McCourt, who came to America as a teen-ager from Ireland, taught in New York public high schools for three decades. During the time he was dismissed from a couple positions and ran into pretty much the same issues that every other high school teacher has run into. There wasn’t as much sex, drugs and alcohol as I remember my students talking about, but maybe he just left those things out as a matter of taste.

Although the book was published several years back, my reading list is quite dated. Both my sister and wife had both read the book and while my wife didn’t like it, my sister said that I should read it. My sister taught in public schools in Milwaukee for several years as a speech pathologist. She’s since left schools to a stay-at-home mom. My wife felt the book was too negative and that he didn’t even seem to enjoy being a teacher.

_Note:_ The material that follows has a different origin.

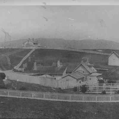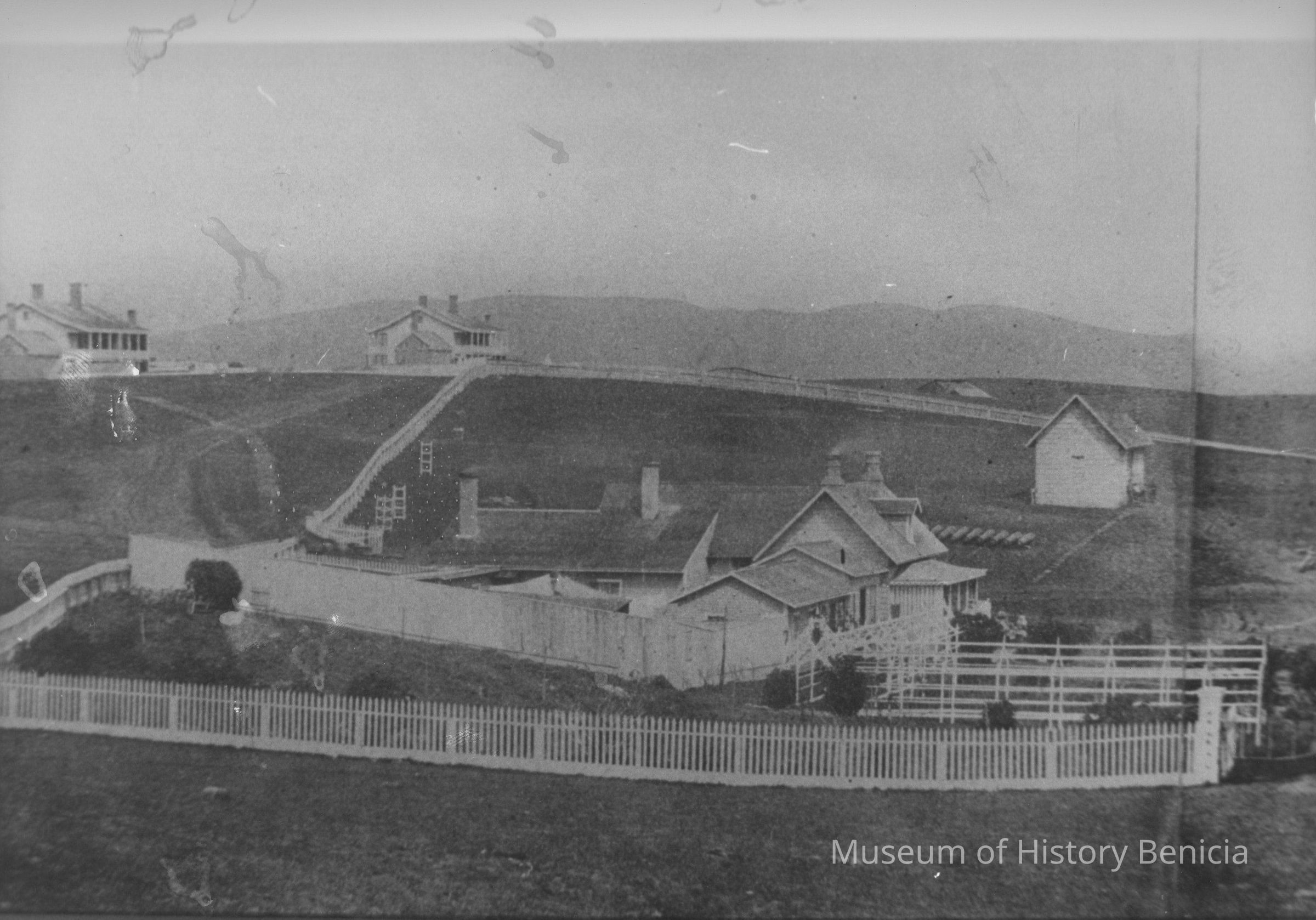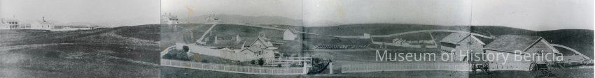B/W panoramic view of Arsenal/Benicia Barracks, 1865.

There was a larger point that McCourt was making, however, and I didn’t take it as being an overly negative image of education in general. Any person who has spent time in a classroom has felt his frustration with the students’ unwillingness to learn for learning sake – cripes they’re teen-agers after all, a bunch of rock-head phy-ed teachers for administrators, negligent parents, or helicopter parents who NEED to have smoke blown up their asses regarding their children’s academic abilities. It’s enough to drive you to drinking. And, of course, it has. Still, there is a sweet undercurrent to McCourt’s path as a teacher. Eventually he developed his teaching voice and recounted a few of the students who affected his life in very meaningful ways. Overall, I thought the book was a powerfully strong voice in favor of teaching. I don’t know if McCourt realized how strongly he felt about teaching until he left. Oh yeah, he wrote a book or two after he left teaching and didn’t have all of those ungraded essays staring at him.